**Work order:** Take the entries below and reproduce exactly the portion that begins at the line containing "台灣主要晚報標題一覽 (10月28日)" and ends at the line containing "طورت منصة Operations", keeping both ends, dropping pictures, and adding nothing else.

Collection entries
——————————
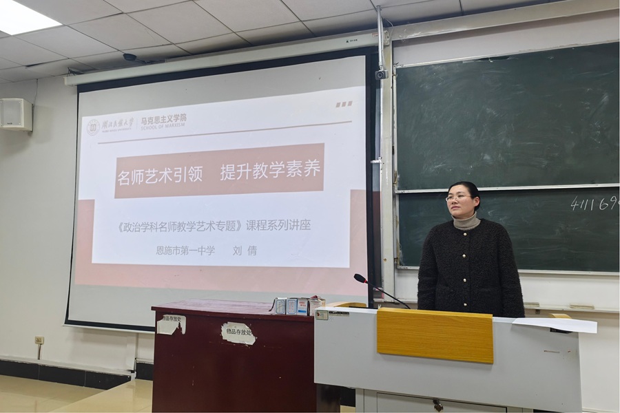 为充分发挥名师的示范、引领作用,提升师范生专业素养,3月5日到4月2日,马克思主义学院举办以“名师艺术引领 提升教学素养”为主题的《政治学科名师教学艺术专题》课程系列讲座。本次活动邀请恩施高中、恩施市第一中学的四位名师担任主讲人。马克思主义学院2022级思想政治教育专业全体学生参加此次讲座。
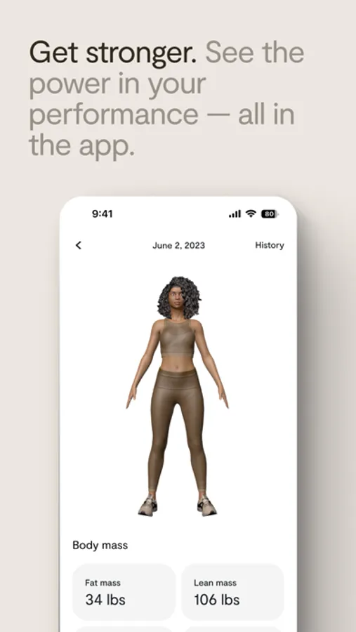 Go beyond what the mirror shows with 360-degree body scans that give in-depth details into your muscle makeup. With no additional equipment needed, scans are easy to take from home and process in minutes. You’ll see measurable differences as your training progresses.
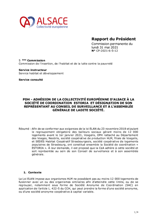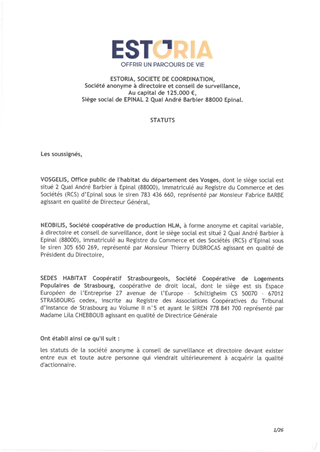 Afin de se conformer aux exigences de la loi ELAN du 23 novembre 2018 stipulant le regroupement obligatoire des bailleurs sociaux gérant moins de 12 000 logements avant le 1er janvier 2021, Vosgelis, OPH rattaché au Département des Vosges, Neobilis, société coopérative de production HLM, filiale de Vosgelis, et SEDES Habitat Coopératif Strasbourgeois, société coopérative de logements populaires de Strasbourg, ont constitué ensemble la Société de coordination « ESTORIA ». À leur demande, il est proposé que la CeA adhère à cette société et soit représentée au sein de son Conseil de surveillance et à son assemblée générale.
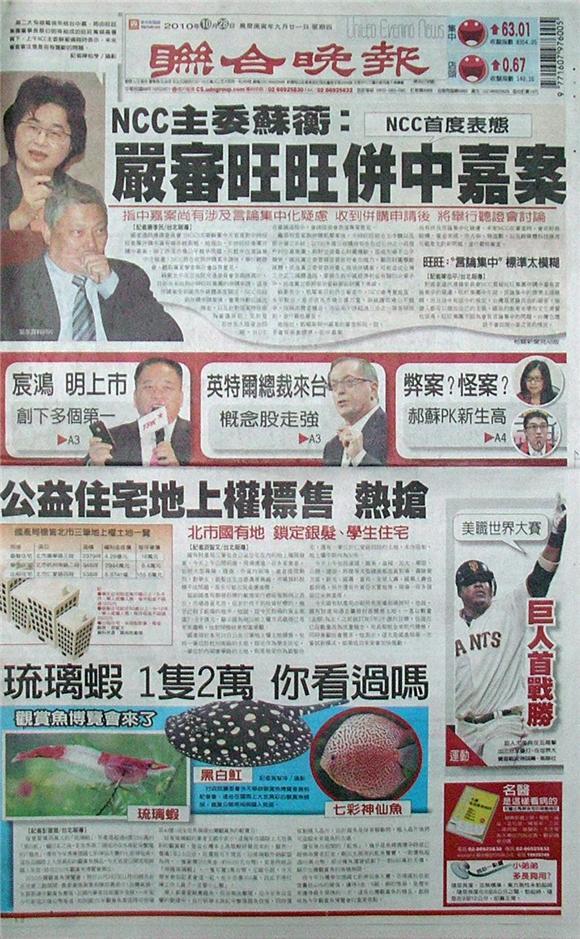 台灣主要晚報標題一覽 (10月28日)
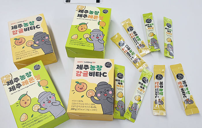 | 제품설명 | 부드럽고 탱글한 식감의 감귤 비타C 젤리스틱과 제대로 만든 제주농장 레몬청 | |
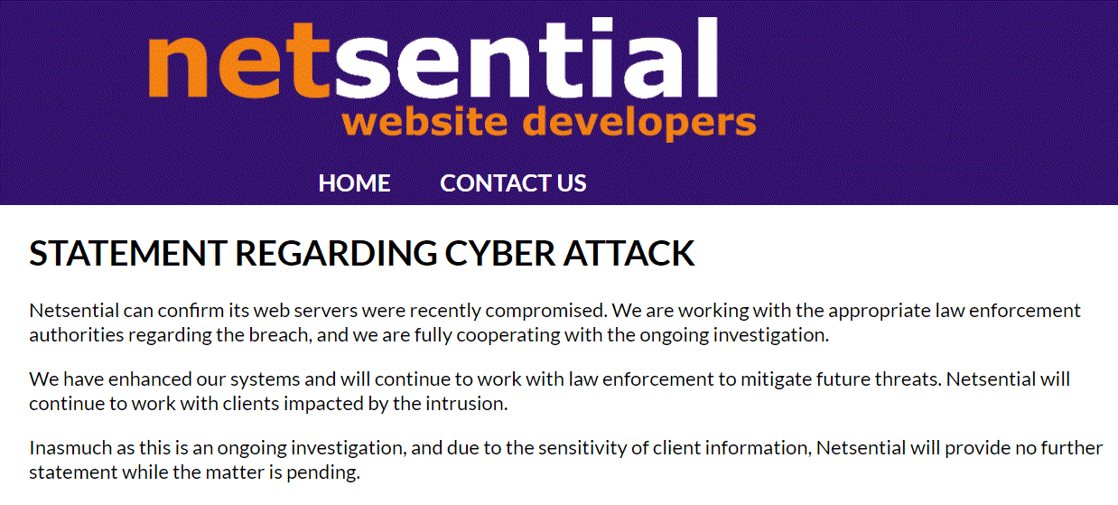 "Netsential can confirm its web servers were recently compromised... Inasmuch as this is an ongoing investigation, and due to the sensitivity of client information, Netsential will provide no further statement while the matter is pending."
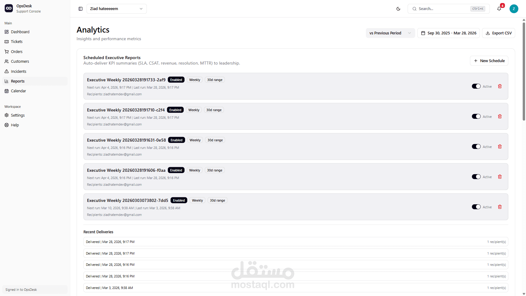 طورت منصة Operations متعددة المؤسسات (Multi-Tenant) مخصصة لبيئات B2B من الصفر، وتوليت تنفيذ الواجهة الأمامية والخلفية والتصميم بهدف إنشاء نظام يجعل سير العمل اليومي للفرق أكثر تنظيمًا، وقابلية للتوسع، وكفاءة.
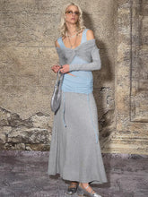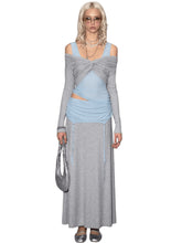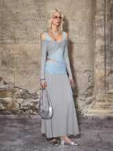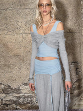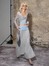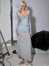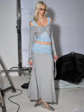 A refined layered knit set designed for transitional seasons, featuring a blue-grey long-sleeve outer top, a cropped camisole inner layer, and a matching high-waist knit maxi skirt. Crafted with a soft, skin-friendly TENCEL™ blend, the set delivers a fluid drape and gentle stretch that contours the body without restriction. The long-sleeve outer top creates a clean, minimal silhouette, while the fitted camisole adds depth through subtle layering. The slim knit skirt elongates the figure with a streamlined cut, offering an elegant yet relaxed aesthetic ideal for everyday wear or elevated casual styling. Designed to be worn together or styled separately, this set balances modern femininity with effortless versatility.
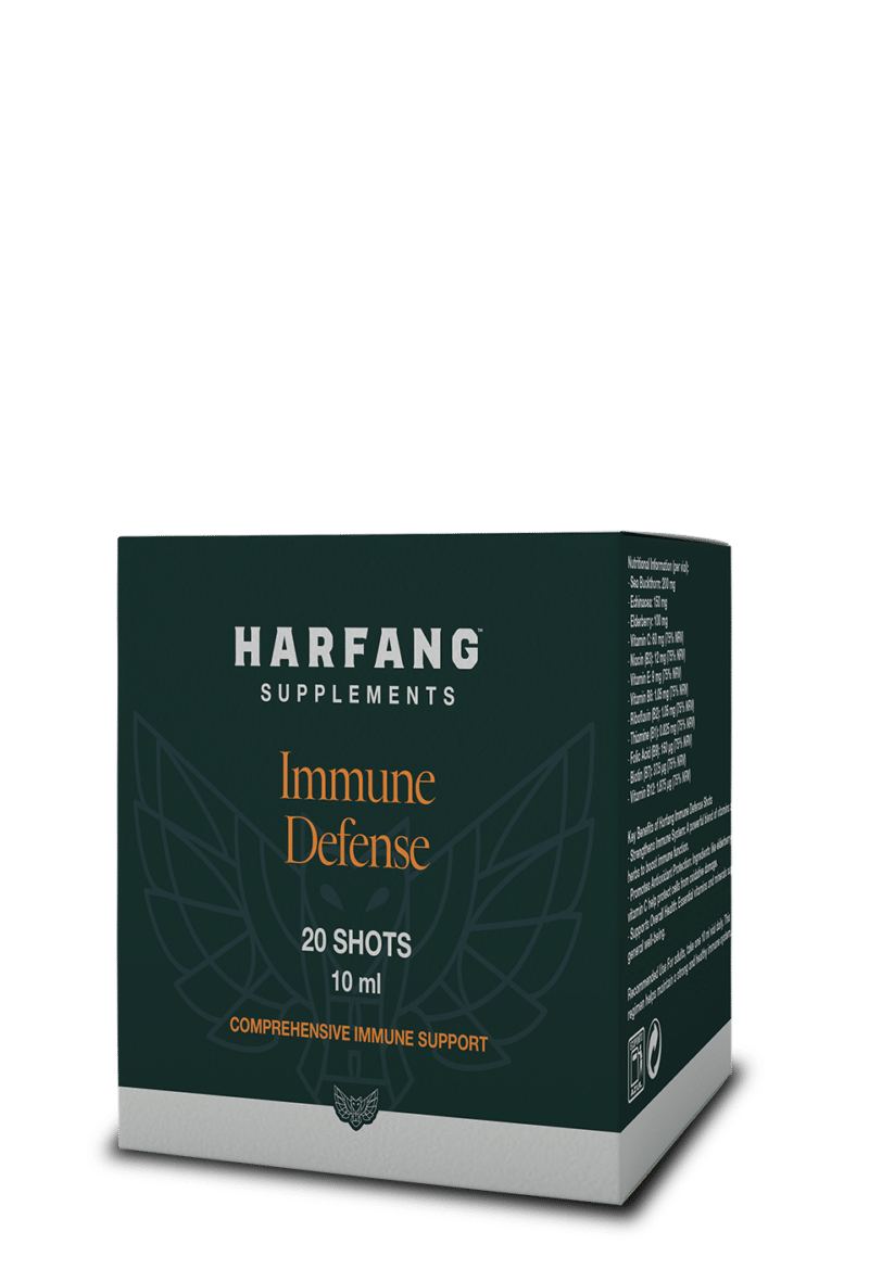 Harfang Immune Defense Shots provide comprehensive immune support with a blend of sea buckthorn, echinacea, elderberry, and essential vitamins. Perfect for daily use to keep your immune system strong and healthy.
——————————
**Solution to the exercise:**
 台灣主要晚報標題一覽 (10月28日)
 | 제품설명 | 부드럽고 탱글한 식감의 감귤 비타C 젤리스틱과 제대로 만든 제주농장 레몬청 | |
 "Netsential can confirm its web servers were recently compromised... Inasmuch as this is an ongoing investigation, and due to the sensitivity of client information, Netsential will provide no further statement while the matter is pending."
 طورت منصة Operations متعددة المؤسسات (Multi-Tenant) مخصصة لبيئات B2B من الصفر، وتوليت تنفيذ الواجهة الأمامية والخلفية والتصميم بهدف إنشاء نظام يجعل سير العمل اليومي للفرق أكثر تنظيمًا، وقابلية للتوسع، وكفاءة.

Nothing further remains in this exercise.